→ Exercise data:
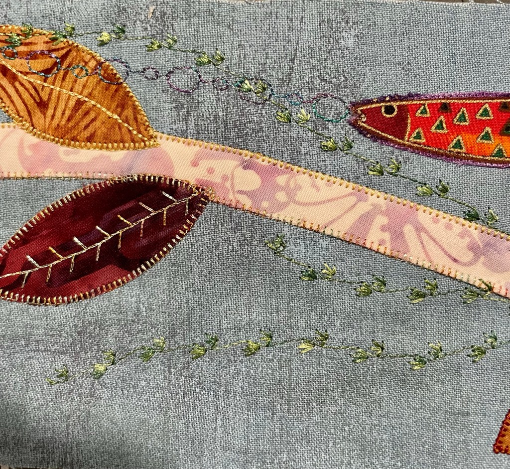 As all ways Lennea I forget time when reading your blogs. Loved how you showed us how you do your rawedge applique in the wee story of Bubbles. Adding the trailing foliage and bubbles turned it in to a beautiful 3D piece of art. I think most people forget all their fancy stitches they paid big money for LOL. Many thanks for sharing the basics with us like needle size and threads!? A real puzzle for a beginner. Cheers Glenda
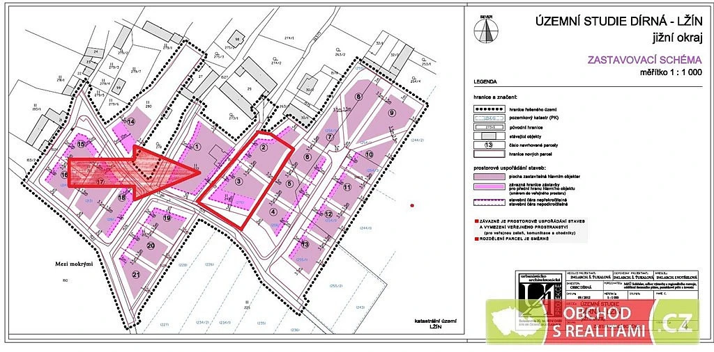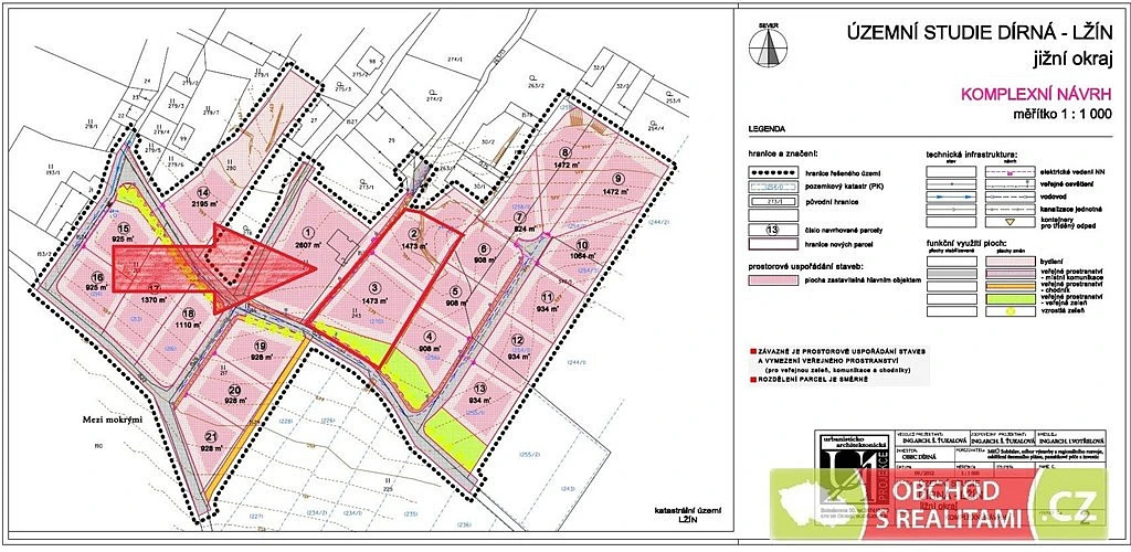 Pozemek je součástí zpracované územní studie. Tato studie připouští rozdělení pozemku na dvě stavební parcely, dále je ze studie dobře patrná případná další parcelace přilehlých pozemků, kupující tak má dobrou představu o možném budoucím využití pozemků v těsné blízkosti.
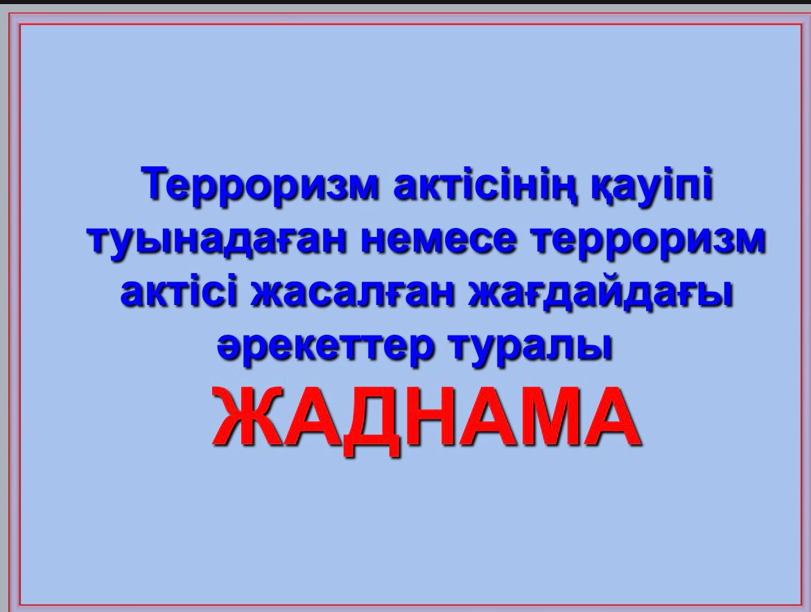 Терроризм актісінің қауіпі, терроризм актісі жасалған жағдайдағы әрекеттер туралы жаднама!
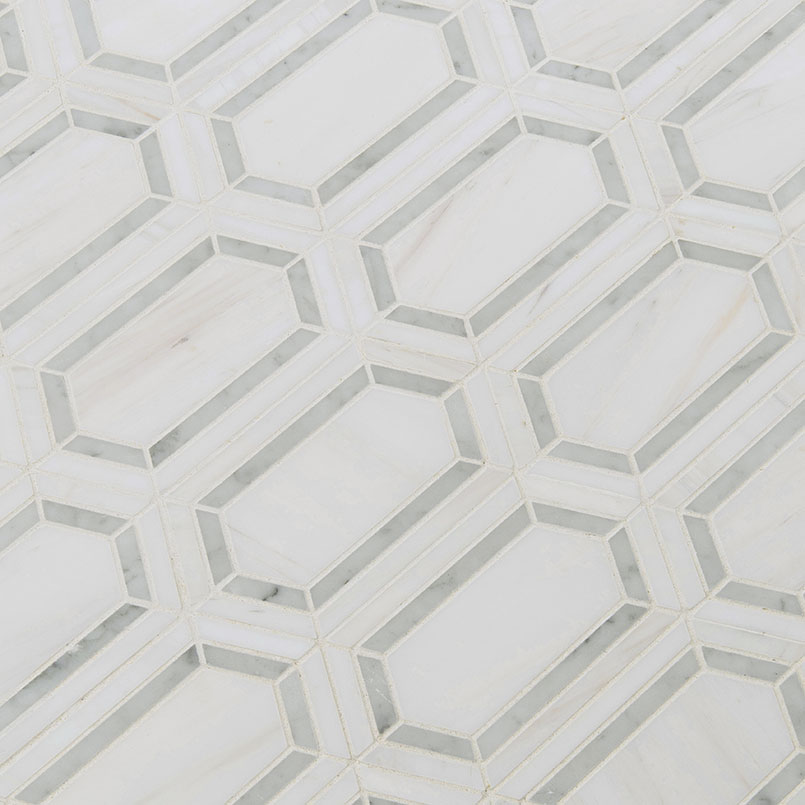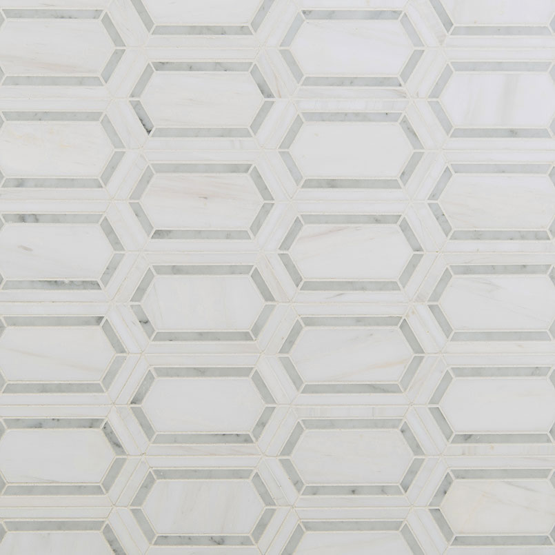 Pavilion Marble Picket Tile offers a bold unapologetic hexagon white pattern. The undeniably beautiful polished pattern opens new doors to creative interior design. A perfect choice for a stand out flooring installation or unique selection for an accent wall or bathroom vanity surrounding. A wonderful complement to bohemian or contemporary home and office design masterpieces.
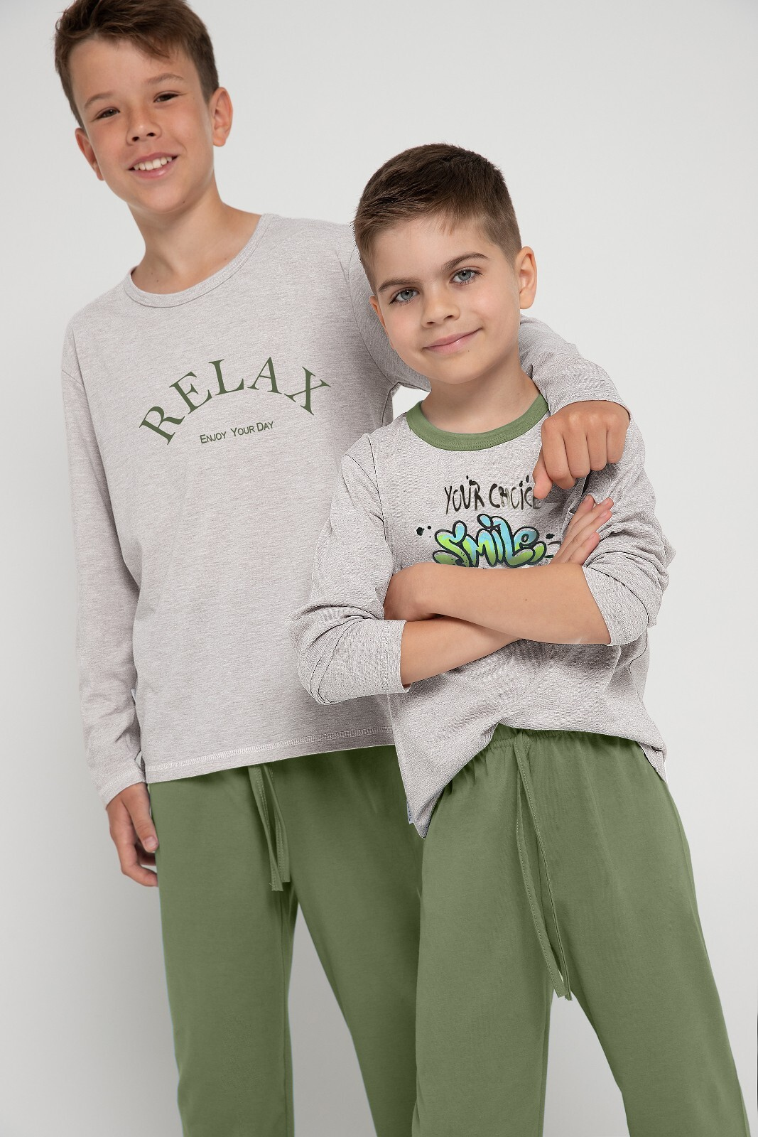 Produkt Chlapecké pyžamo 3090 SAMMY Světle béžová s tmavě zelenou - Taro prodáváme v těchto velikostech: 158a barvách béžová-zelená

→ What you need to do:
Could you retype the whole listing word for word, minus its pictures?

→ Result for this exercise:
 As all ways Lennea I forget time when reading your blogs. Loved how you showed us how you do your rawedge applique in the wee story of Bubbles. Adding the trailing foliage and bubbles turned it in to a beautiful 3D piece of art. I think most people forget all their fancy stitches they paid big money for LOL. Many thanks for sharing the basics with us like needle size and threads!? A real puzzle for a beginner. Cheers Glenda
 Pozemek je součástí zpracované územní studie. Tato studie připouští rozdělení pozemku na dvě stavební parcely, dále je ze studie dobře patrná případná další parcelace přilehlých pozemků, kupující tak má dobrou představu o možném budoucím využití pozemků v těsné blízkosti.
 Терроризм актісінің қауіпі, терроризм актісі жасалған жағдайдағы әрекеттер туралы жаднама!
 Pavilion Marble Picket Tile offers a bold unapologetic hexagon white pattern. The undeniably beautiful polished pattern opens new doors to creative interior design. A perfect choice for a stand out flooring installation or unique selection for an accent wall or bathroom vanity surrounding. A wonderful complement to bohemian or contemporary home and office design masterpieces.
 Produkt Chlapecké pyžamo 3090 SAMMY Světle béžová s tmavě zelenou - Taro prodáváme v těchto velikostech: 158a barvách béžová-zelená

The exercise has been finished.